Même si Stephen Harper refuse toujours de prononcer les mots récession et Canada dans la même phrase, des financiers ont résolument franchi le pas. Heureusement, notre économie est mieux équipée que d'autres pour s'aventurer sur ce terrain accidenté.

Les firmes UBS et Scotia Capitaux l'ont écrit hier et Marchés mondiaux CIBC doit préciser sa position demain. Au mieux, les investisseurs peuvent s'attendre à une récession ordinaire, a déclaré l'un de ses principaux économistes. Le commentaire, qui a fait forte impression, évoquait apparemment la situation mondiale. Il nous tarde de savoir à quel point le Canada est concerné. Quoi qu'il en soit, le revirement des deux premières firmes est significatif. Il rompt avec le consensus qui prévalait jusqu'ici, selon lequel l'économie canadienne serait plutôt bien protégée de la tourmente mondiale, se contentant de ralentir sans entrer en récession. La descente en flammes des dernières semaines a eu raison de cette belle certitude. Bien que ce nouveau scénario ne fasse pas l'unanimité, il faut reconnaître qu'il est de plus en plus plausible.

 

La crise financière déteindra-t-elle sur l'économie réelle? La réponse, pour Scotia et UBS, ne fait désormais plus de doutes. Les développements désastreux des dernières semaines et la rapidité avec laquelle le crédit s'est raréfié ont convaincu la première de revoir ses prévisions à la baisse. La santé du voisin américain se détériore à vu d'oeil et ses achats chez nous vont s'en ressentir plus qu'on ne le croyait. Les prix des matières premières, déprimés par le ralentissement planétaire, vont aussi nous affecter, souligne-t-on chez UBS.

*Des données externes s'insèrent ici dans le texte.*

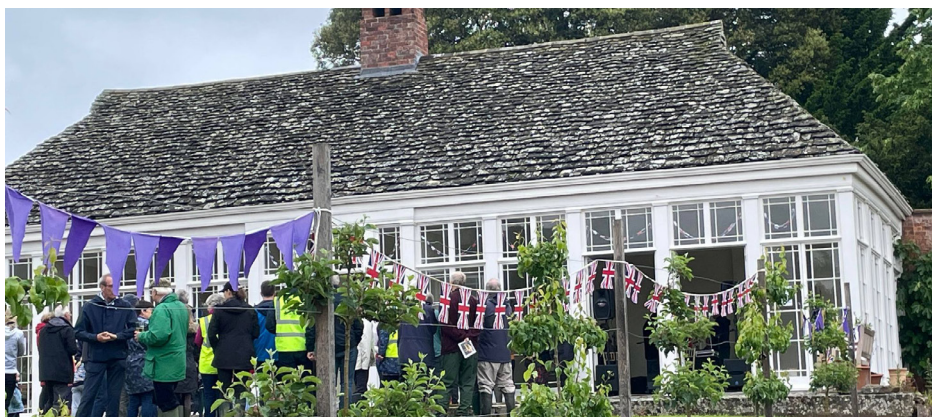
View of the Orangery
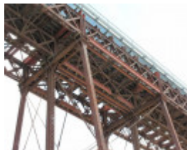
2504_Melton Railway Viaduct_7 November 2009_HV_016_lo res.jpg
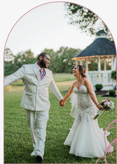
Sixteen Roses Photography

La bonne nouvelle, c'est que ce passage à vide pourrait être de courte durée. La récession, qui correspond techniquement à un recul du produit intérieur brut (PIB) durant deux trimestres consécutifs, se manifesterait durant les trois derniers mois de 2008 et les trois premiers de 2009. Elle serait donc amorcée et selon les experts de Scotia, elle devrait se dissiper au milieu de l'an prochain.

La moins bonne nouvelle, c'est qu'on ne pourra pas compter sur une reprise vigoureuse comme au sortir de récessions précédentes. L'économie continuera à tourner à bas régime durant un bon moment - on rejoint ici les prévisions antérieures d'un ralentissement prolongé.

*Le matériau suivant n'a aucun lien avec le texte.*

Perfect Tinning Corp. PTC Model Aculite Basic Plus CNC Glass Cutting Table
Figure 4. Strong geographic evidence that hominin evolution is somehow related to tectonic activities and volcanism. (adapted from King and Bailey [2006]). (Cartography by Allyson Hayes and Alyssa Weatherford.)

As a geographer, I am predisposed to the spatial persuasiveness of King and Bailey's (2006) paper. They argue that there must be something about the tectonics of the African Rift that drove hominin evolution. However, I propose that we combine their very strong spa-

Ce ne sont pas des perspectives réjouissantes, mais au moins, la traversée du désert s'annonce beaucoup moins pénible de ce côté-ci de la frontière. Notre système bancaire, dominé par un nombre restreint de grandes institutions, est beaucoup plus solide qu'aux États-Unis, où le secteur, et la clientèle, vont subir une importante phase de se consolidation. Notre marché hypothécaire est aussi beaucoup plus sain. Nous ne sommes pas seulement en meilleure forme que nos voisins: notre condition s'est améliorée depuis les dernières fois où nous avons dû passer par là. «Le budget est équilibré avec des ratios d'endettement qui représentent moins de la moitié des niveaux américain et européen. Par conséquent, le risque économique du Canada est de loin inférieur», note UBS.

Si nous entrons en récession, nous le ferons avec une marge de manoeuvre. Il est temps que Stephen Harper nous dise comment il l'utiliserait... même s'il croit qu'il n'aura jamais à le faire.